Published on April 20th, 2014 | by Igor Rebenko

13

[DIY] Headphone removable cable mod

Ever bought yourself a pair of headphones that have a non-removable cable which is heavy and annoying. Or maybe you have a favourite pair of headphones but you can’t use them any more because the cable broke from when you accidentally stood up and pulled the cable too hard, or snagged it on something. Well there is something you can do to fix that. It’s so simple and such a great idea that you will think to yourself, “Why don’t they do this to all the headphones on the market”, and if you think that, then you are smarter than you look. JK, JK. Jokes aside, this mod is a complete possibility for most headphones.
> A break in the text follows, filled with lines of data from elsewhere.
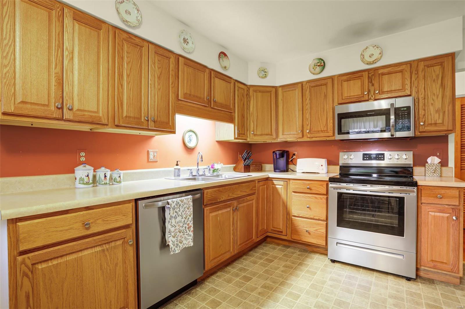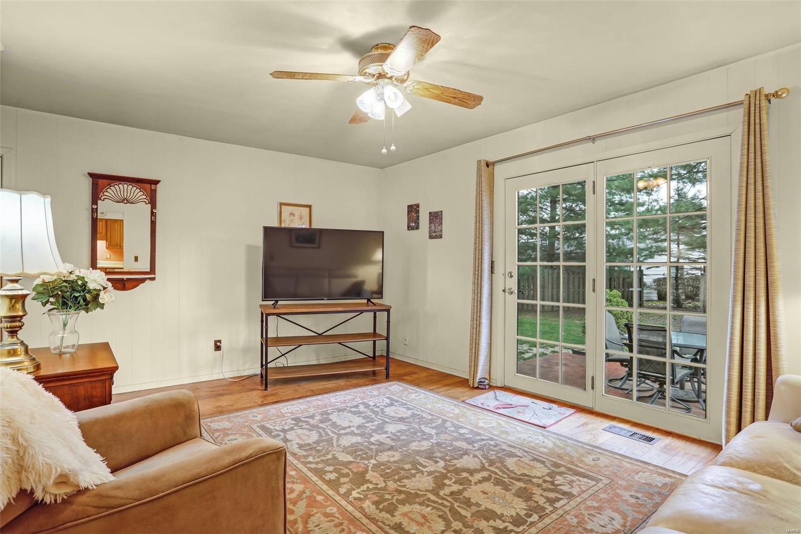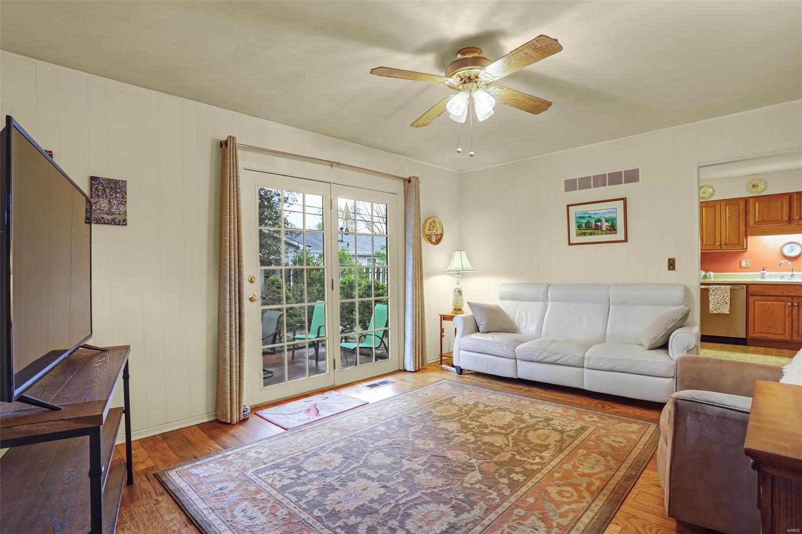 Welcome to this darling brick ranch home in beautiful Grandview Place! Conveniently located near the dog park, splash pad, downtown Edwardsville and bike trails. The main floor features a welcoming foyer with hardwood floors, a cozy eat in kitchen with stainless steel appliances and ample cabinet space, a bright living room and family room/bonus room which leads to outdoor patio. Three main floor bedrooms, including a spacious primary suite with private bath. An additional main floor bathroom finishes out the space. Downstairs, the partially finished basement provides extra living space with built in bar, bonus room for workout area or office, laundry room, tons of storage space, and an area for a work bench/ hobby room. So much potential to make this area your own! Step outside to a nice private backyard- great for relaxing, gardening and entertaining. Home also includes a one car garage and an additional parking pad. This home is being sold AS IS.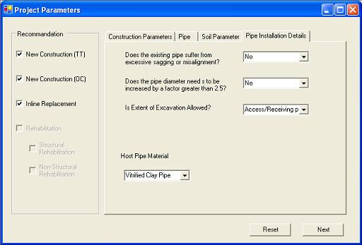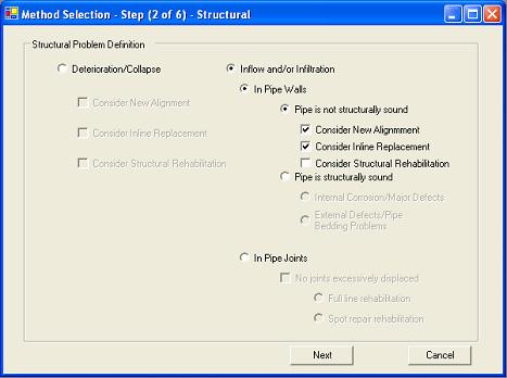 The technical evaluation begins by defining the type of problem the user is facing. It is believed that all buried pipe problems can be reduced to either a structural problem or a capacity problem. U-COMET incorporates a built in wizard, which is based on a series of interactive questions presented to the user. Based on the user's answers, certain categories of construction methods might be eliminated. Figure 3 shows the built in wizard which contains a set of interactive questions for a structural problem.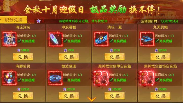 假日积分转盘超值回馈,每日升级转盘领海量积分,积分可兑夏日时装、超强神装等海量大奖!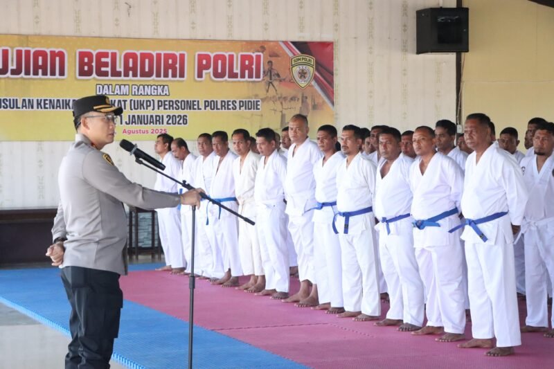 Pidie – Kapolres Pidie AKBP Jaka Mulyana, SIK, MIK memberikan arahan kepada personel Polres Pidie yang mengikuti ujian Beladiri Polri sebagai salah satu syarat usul kenaikan pangkat periode 1 Januari 2026. Kegiatan tersebut berlangsung di Aula Dhira Brata Polres Pidie, Selasa (12/8/2025).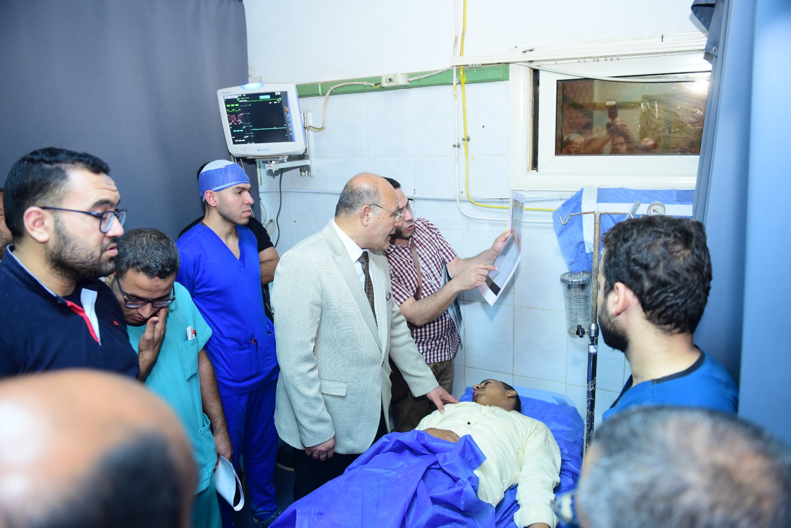 رئيس جامعة سوهاج يطمئن على الوضع الصحي للطلاب للمصابين خلال حادث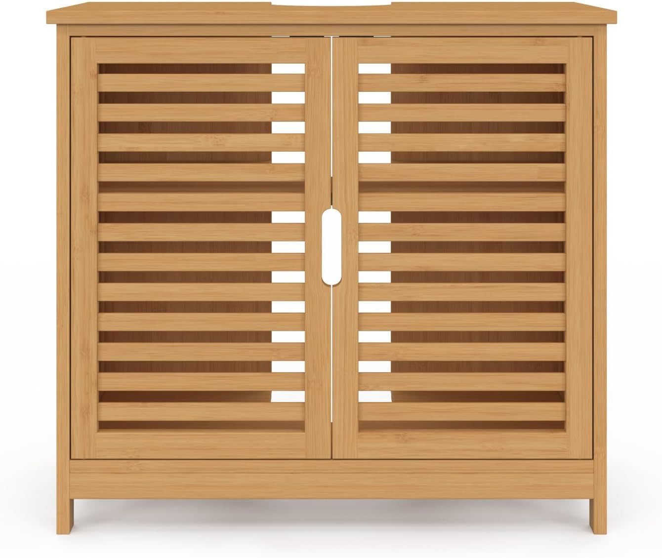 Optez pour la facilité avec le meuble sous lavabo BEA en bambou et gagnez de l’espace de rangement dans votre salle de bain !Son placard spacieux à portes battantes offre un espace de rangement fermé pour garder une salle de bain organisée.À l’intérieur, se trouve une étagère repositionnable, parfaite pour y stocker vos serviettes de bain ainsi que vos produits de toilettes.La matière en bambou naturel de ce meuble sous lavabo BEA vous permet de l’associer facilement à tous types de salle de bain.Ses portes sont légèrement ajourées pour apporter une touche de style et d’élégance.Son format standard L60 x l30 x H65 cm s’adapte à la plupart des lavabos, vous offrant un réel gain de place tout en conservant un meuble compact. N’attendez plus et craquez pour notre meuble sous lavabo BEA en bambou naturel ! Dimensions du meuble BEA en bambou naturel : Dimensions totales : Longueur 60 cm x largeur 30 cm x Hauteur 65 cm Hauteur des pieds : 6 cmDimensions maximum pour la colonne de lavabo : L. 20 x l. 15 cmMatériaux : Bambou naturel + MDF Coloris : Bambou A monter soi-même Visserie incluseRetrouvez l’ensemble de notre nos meubles de salle de bain sur notre boutique en ligne.
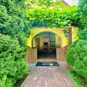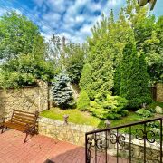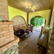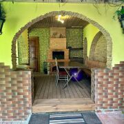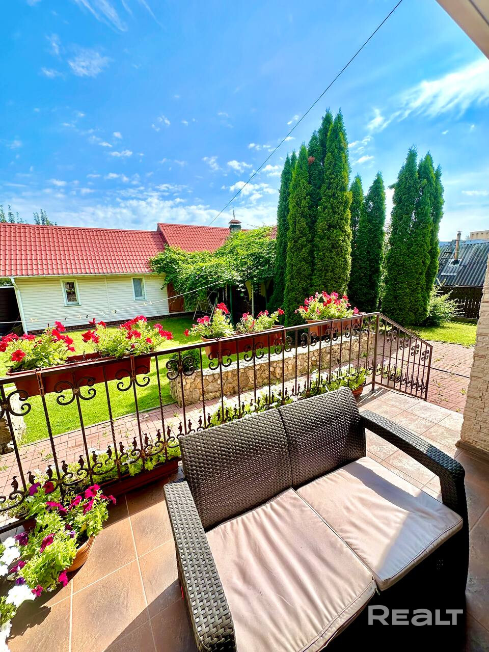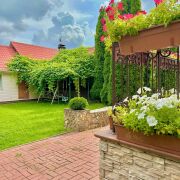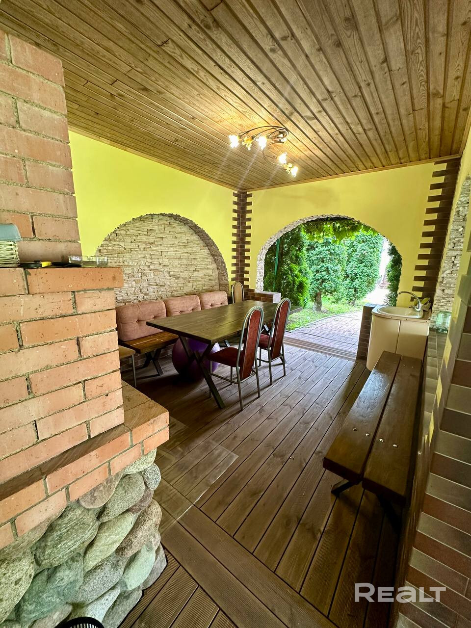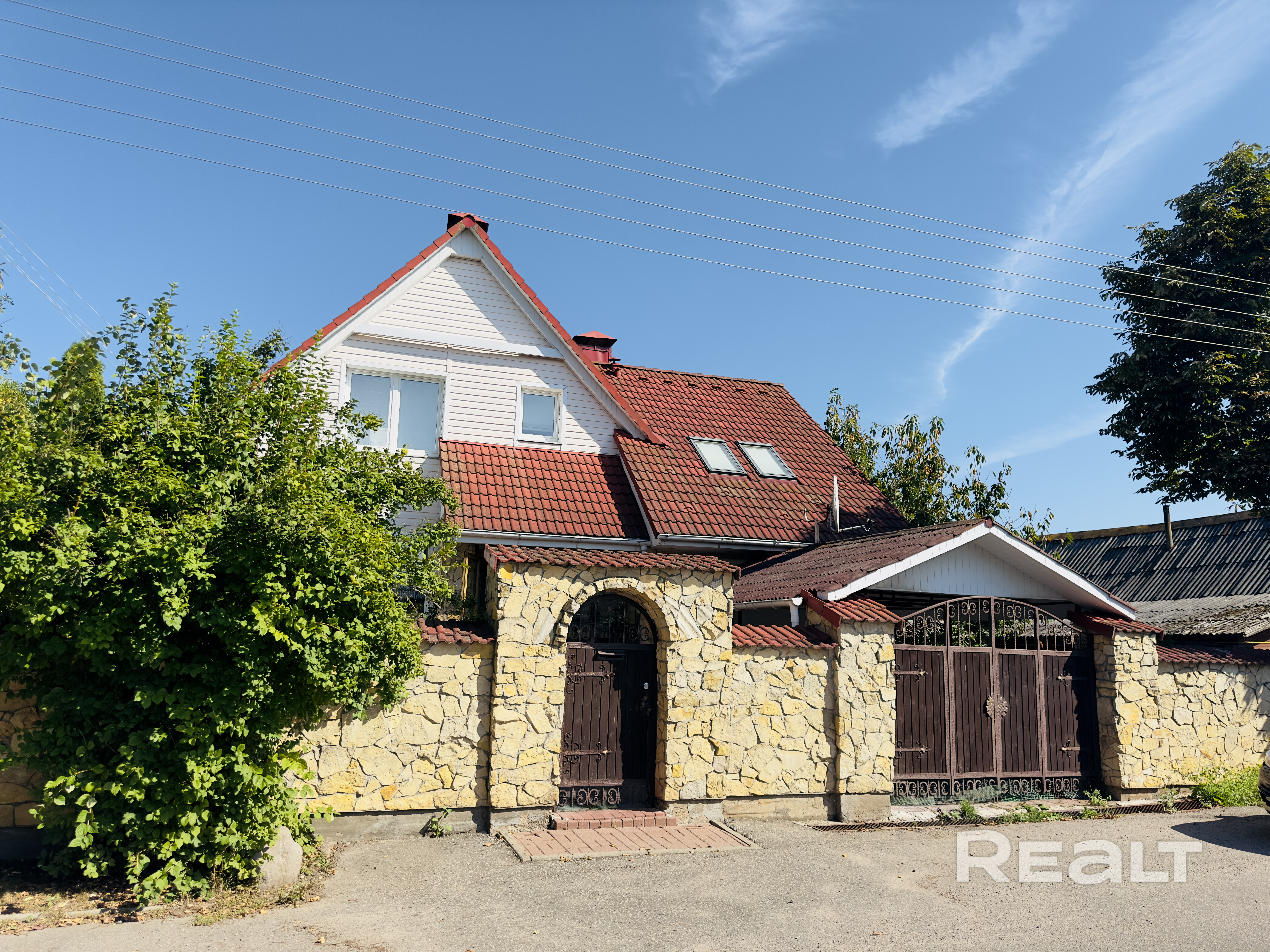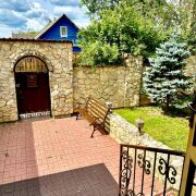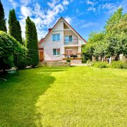 Вокруг дома расположен ухоженный участок. Сделан ландшафтный дизайн, высажены декоративные деревья. Имеются садовые насаждения в виде яблонь, черешни, сливы и прочее. Есть действующая баня с предбанником, камином и зоной барбекю, местом для проведения торжеств и времяпрепровождения в кругу семьи и друзей, гараж и беседка.

Of course, there are number of things you need to first realise if the mod is viable or worth doing for your current headphones. These things are:

  • Do you still have warranty, and are you going to risk parting with that warranty.
  • You have to be aware that modifying anything has a huge risk of you damaging it beyond repair.
  • Dismantling your headphones sometimes requires you to glue it back together, this depends on the construction of them. So you need to be aware that gluing might ruin the aesthetics of your beautiful looking headphones. This also includes scratches, cracks and chips when prying it open.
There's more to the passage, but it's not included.